Share prices near nine-month high

19 Dec, 2005

The share market for the eighth consecutive week last week closed in the positive zone on the back of fresh buying registered in banking, gas and telecom sectors and the index was near nine-month high level.
The KSE-100 index at the end of Friday session closed above the crucial level of 9500 at a near nine-month high of 9515, up 83 points or 0.9 percent, from 9432 of previous week. The market at one point in time briefly crossed the 9600 level. However, average daily trading volumes fell drastically during the week by 25 percent, to 349 million shares, from 463 million shares recorded in the preceding week.
The average trading value also dropped, to the level of $483 million from $639 million (down 24 percent).
"The aggressive and persistent news regarding construction of dams that dominated the market during the week, together with the news at the end of the week that a team from Etisalat would once again visit Pakistan to pursue its deal over PTCL were main factors affecting the market," an analyst from Atlas Investment Bank said. This multi-billion-dollar transaction has been dragging on inconclusively for over three months, leaving market participants immune to news pertaining to it as was evident from the relatively low interest generated in the scrip on Friday. "We reiterate the fact that the market has entered an overbought zone and, therefore, recommend investors to trade cautiously and book profits whenever accrue," he said.
On Monday, the index rose 27 points to close at 9459 points level after the announcement by Fauji Foundation to sell 52 percent stake in Fauji Cement company, creating positive sentiment. The stock advanced 4.8 percent to Rs 28.25. Lucky Cement advanced 1.1 percent to Rs 80.85. D G Khan Cement also contributed to the upside, increasing 0.7 percent to Rs 110.85. Pakistan Telecommunication rose 1.9 percent on optimism of its successful privatisation. Among other major gainers was Pakistan International Airlines, closing up 9.2 percent at Rs 11.85.
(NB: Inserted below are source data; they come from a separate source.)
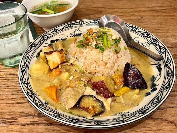 駅前のMIKAN下北沢の中の1店。こちらの牛すじとトマトのフォーが筆者の定番メニュー。フェスメニューの「鶏肉とさつま芋のベトナムカレー」(900円)は甘いカレーかと敬遠気味でしたが、実は甘いのはさつま芋のみ。フォーのスープのような豊かな出汁がキリッと効いたカレールーには彩り良い野菜。ご飯はベトナム鶏飯。食べ始めたら止まらない味わいでした。
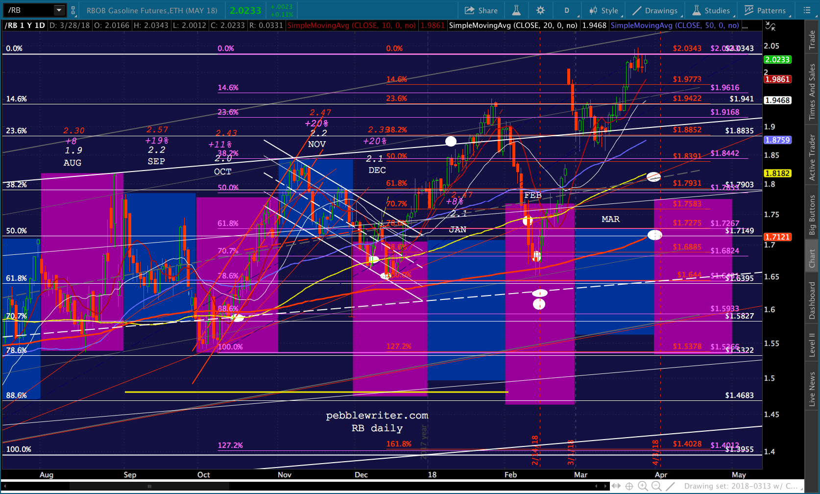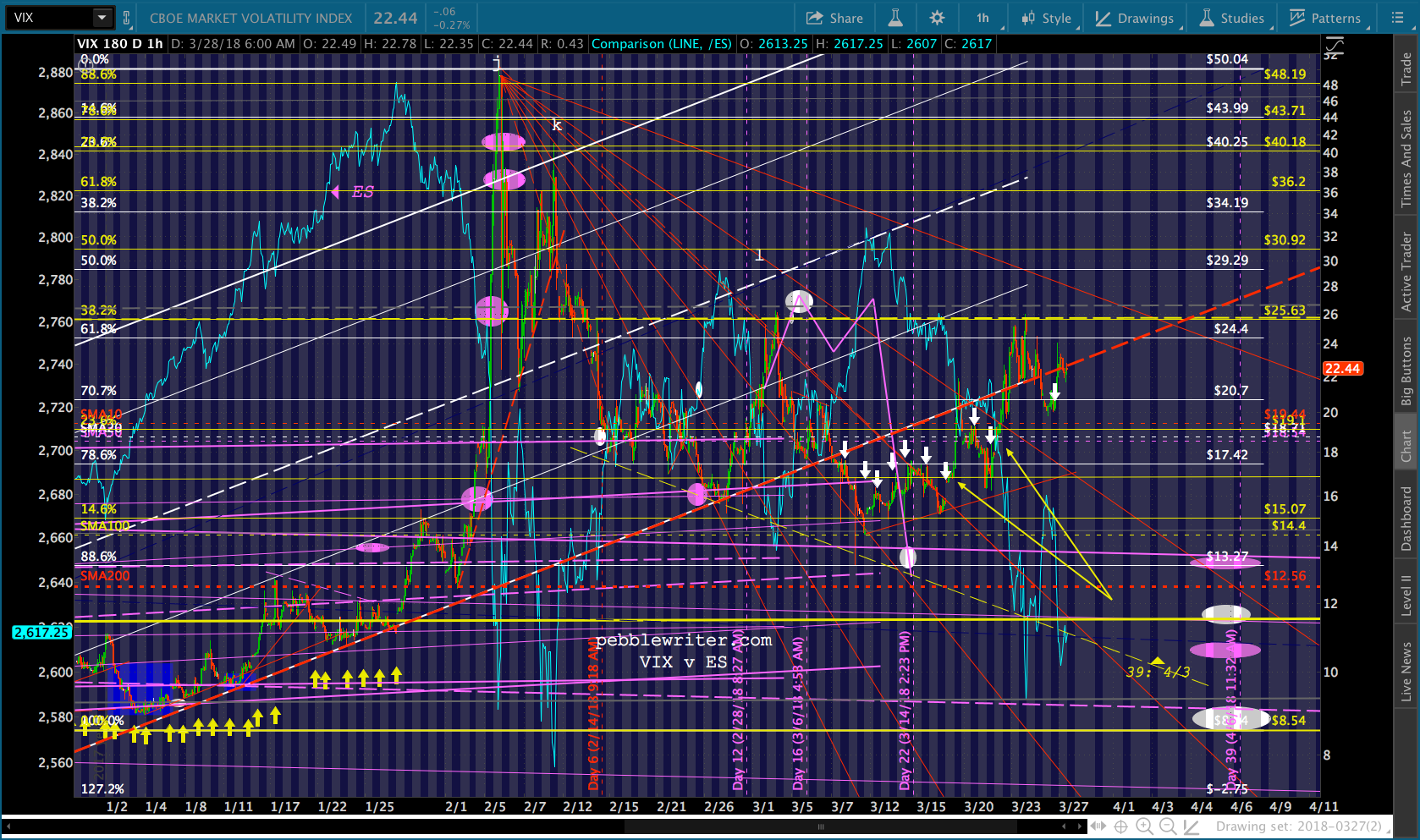 At present, of course, the next lower major Fib level is the 1.618 at 2138. We never had a proper backtest of it. The purple .236 line passes through it in mid-April (ideally, Apr 13, right after CPI confirms stagflation?)
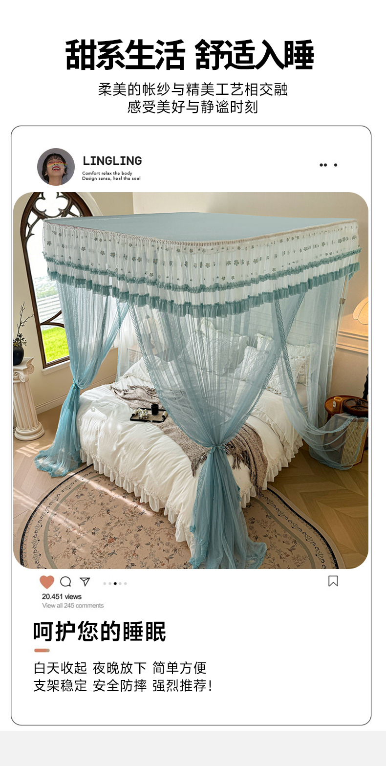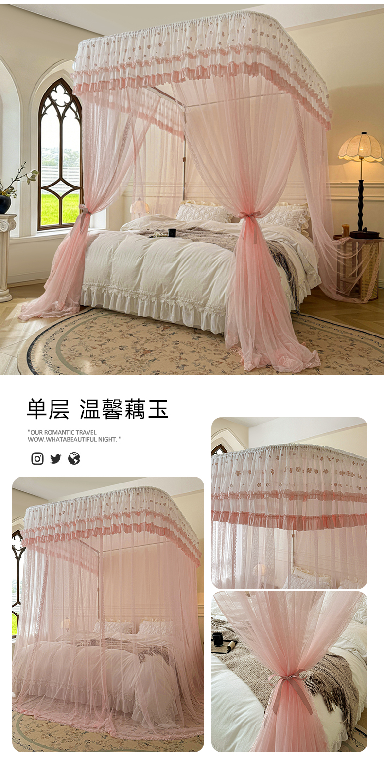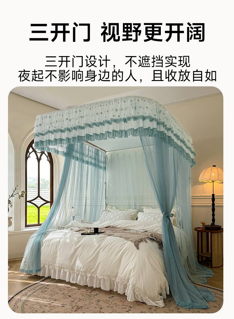 (总)2025新款双层花边全包围床笠款三开门蚊帐-幽梦星辰,奶黄,藕玉,颜淡蓝

The KSE index lost 0.1 percent, to 9451-point level, on Tuesday when investors preferred to book profits before the crucial level of 9500. D G Khan Cement declined 0.5 percent to Rs 110.25, and National Bank of Pakistan dropped 0.5 percent, but Pakistan Oilfields gained 0.8 percent to Rs 424.5 on optimism of higher international oil prices.
Most of the stocks weakened with the index declining 0.5 percent to close at 9403 point level on Wednesday. This correction was due to overvalued prices of many stocks. With privatisation hype, SSGC and SNGPL recorded gains of 0.7 percent and 4.7 percent, respectively.
Thursday saw the index gaining 0.9 percent to close at 9489 points level, advancing on the back of the banking sector. Cement sector remained under fire due to reduction in cement prices. Oil and gas sector helped to push the index upwards, with OGDC alone contributing 28 percent to the day's upside on optimism of gas price revision by Ogra.
The two sessions on Friday led the index to advance 0.3 percent to close at 9514 points level. Bank and oil and gas stocks recorded fresh gains. PTCL, the nation's biggest telecom operator, gained 0.4 percent to Rs 64.40 on the back of privatisation talks between Etisalat and Privatisation Commission scheduled for December 19. Cement stocks continued to remain under fire after President Musharraf stated to take public opinion on the construction of dams.
An analyst from Alfalah Securities said that though the index had crossed the 9500 level barrier after much battering in cement stocks, the market sentiment suggested an upward rally of about 1 to 2 percent hence. But he added that profit taking was likely to seep in more often, as open interest in futures seemed to be on the rise. Moreover, if the Privatisation Commission succeeded in persuading Etisalat to buy PTCL in its scheduled meeting on December 19, it would boost the investor confidence. "Our top picks are SSGC, SNGPL and FFBL," he added.
"We expect the market to remain range-bound during the coming week, with the investors taking a cautious stance," said an analyst from KASB Equities. "Any developments on the Kalabagh dam issue would determine the market sentiment. Developments on PPL and SNGPL privatisation deal could trigger stock specific activity. We are selectively positive on the market and recommend investors to go long in Pakistan Oilfields, Fauji Fertiliser Bin Qasim, Nishat Mills, and Azgard Nine. From dividend yield perspective, Kapco looks attractive," he said.